Specifically, suppose we perform two 3D rotations with two rotation matrices A and B. Given a 3D input tensor x, we can first rotate it with B to get the rotated tensor x_B. We can then further rotate x_B by A to get the rotation corresponding to B followed by A, i.e. to the rotation matrix AB. We can denote this resulting tensor by x_AB.

Alternatively, we could have directly taken the matrix product C = AB and transformed the tensor with C, to obtain x_C. Now x_AB and x_C should be approximately equal up to sampling errors. However in practice this is not the case. As an example:

Clearly, the cube rotated by B followed by A is not the same as the one rotated by C=AB. Note that this does not happen in 2D. If we perform similar transformations to a 2D input, we obtain:

As can be seen, the transformations by AB and C are roughly the same (AB has more sampling noise since it corresponds to two affine transformations and two grid_samples), so the error does not occur in 2D.

Any idea why the difference in 3D might be occurring?

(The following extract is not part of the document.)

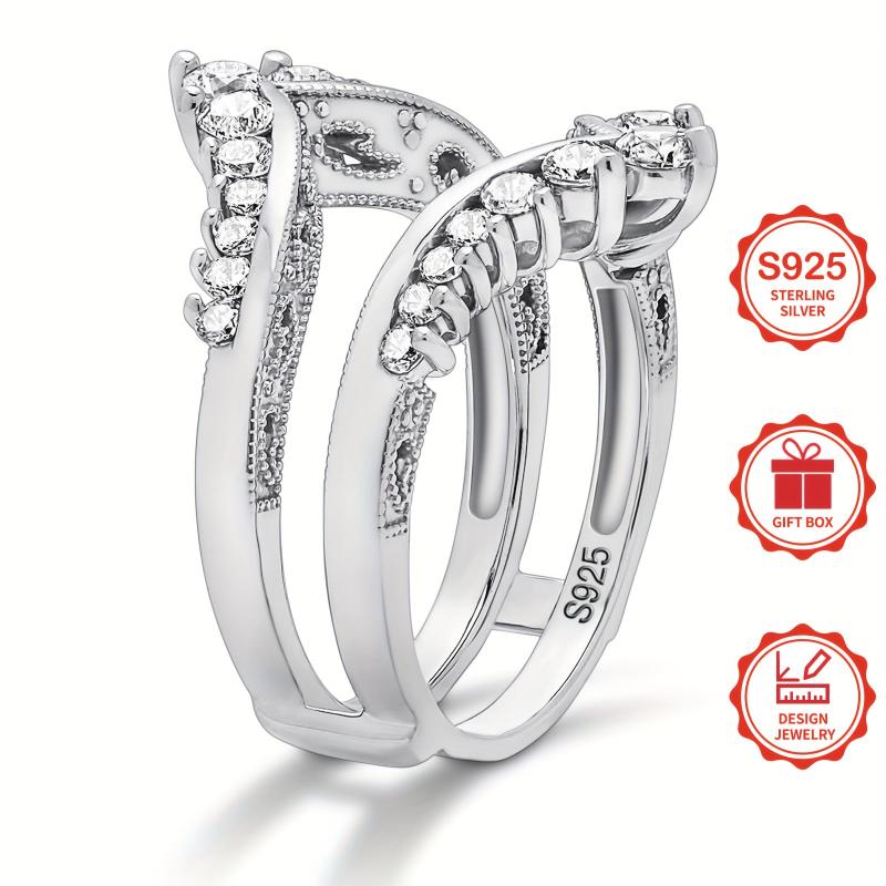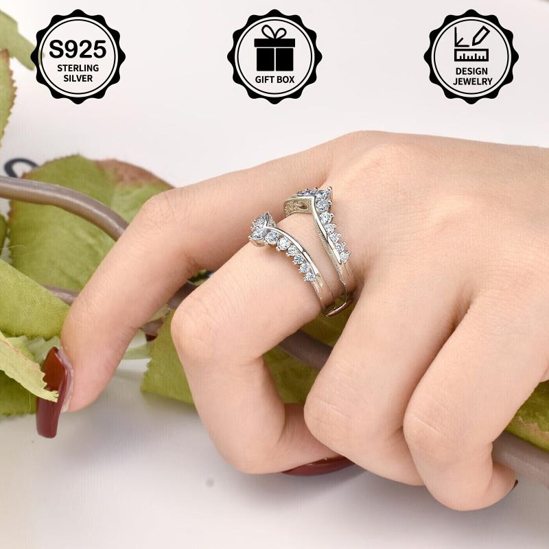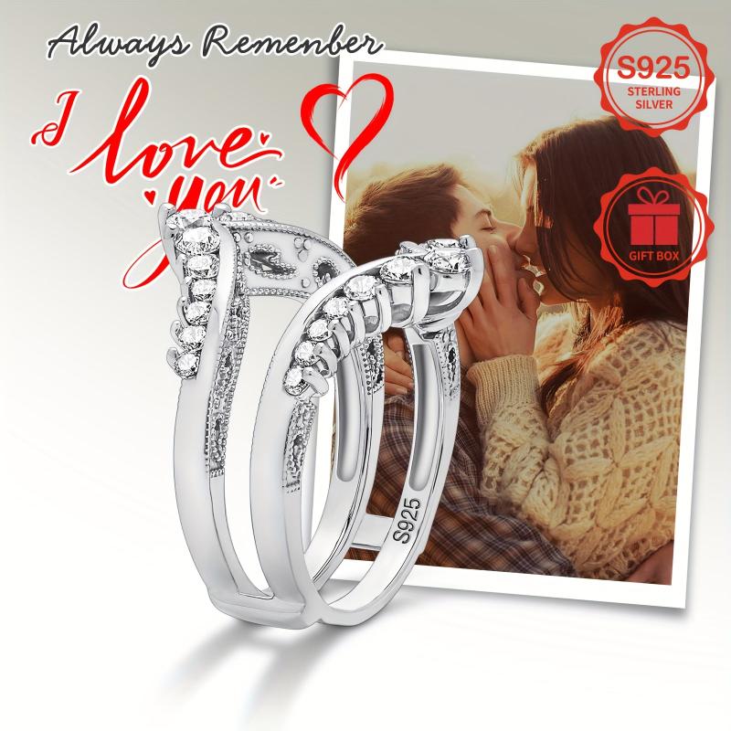 Beautiful set of S925 pure silvery rings inlaid with synthetic zirconia, perfect for low allergy, guardian promise, couple, Valentine's, engagement, mother's gift.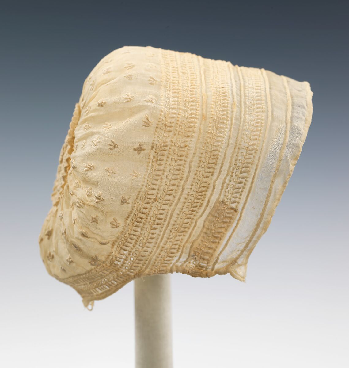 As was the case for centuries, children's clothing in the early 19th century continued to be modeled after adult clothing. This kind of cap, often made of linen and trimmed with embroidery or lace, was worn mainly at home by women and children throughout the eighteenth and nineteenth centuries. The cap also served as protection from the cold and from drafts, which were thought to cause illnesses such as colds and sore throats.

Thank you!

To Reproduce

import torch

def get_3d_cube(grid_size=32, cube_size=16):
    """Returns a 3d cube which is useful for debugging and visualizing 3d
    rotations.

    Args:
        grid_size (int): Size of sides of 3d grid.
        cube_size (int): Size of sides of cube within grid.
    """
    cube = torch.zeros(1, 1, grid_size, grid_size, grid_size)
    hs = grid_size // 2  # Half grid size
    hcs = cube_size // 2  # Half cube size

    cube[:, :, -hcs + hs:hs + hcs, hs + hcs, hs + hcs] = 1
    cube[:, :, -hcs + hs:hs + hcs, hs + hcs, hs - hcs] = 1
    cube[:, :, -hcs + hs:hs + hcs, hs - hcs, hs + hcs] = 1
    cube[:, :, -hcs + hs:hs + hcs, hs - hcs, hs - hcs] = 1

    cube[:, :, hs + hcs, -hcs + hs:hs + hcs, hs + hcs] = 1
    cube[:, :, hs - hcs, -hcs + hs:hs + hcs, hs + hcs] = 1
    cube[:, :, hs + hcs, -hcs + hs:hs + hcs, hs - hcs] = 1
    cube[:, :, hs - hcs, -hcs + hs:hs + hcs, hs - hcs] = 1

    cube[:, :, hs + hcs, hs + hcs, -hcs + hs:hs + hcs] = 1
    cube[:, :, hs - hcs, hs + hcs, -hcs + hs:hs + hcs] = 1
    cube[:, :, hs + hcs, hs - hcs, -hcs + hs:hs + hcs] = 1
    cube[:, :, hs - hcs, hs - hcs, -hcs + hs:hs + hcs] = 1
    
    return cube

# Create a cube to use for debugging
cube = get_cube_3d(128, 64)

# 3D rotation matrices with shape (1, 3, 3)
rotation_A = torch.tensor([[[ 0.7198, -0.6428, -0.2620],
                            [ 0.5266,  0.7516, -0.3973],
                            [ 0.4523,  0.1480,  0.8795]]])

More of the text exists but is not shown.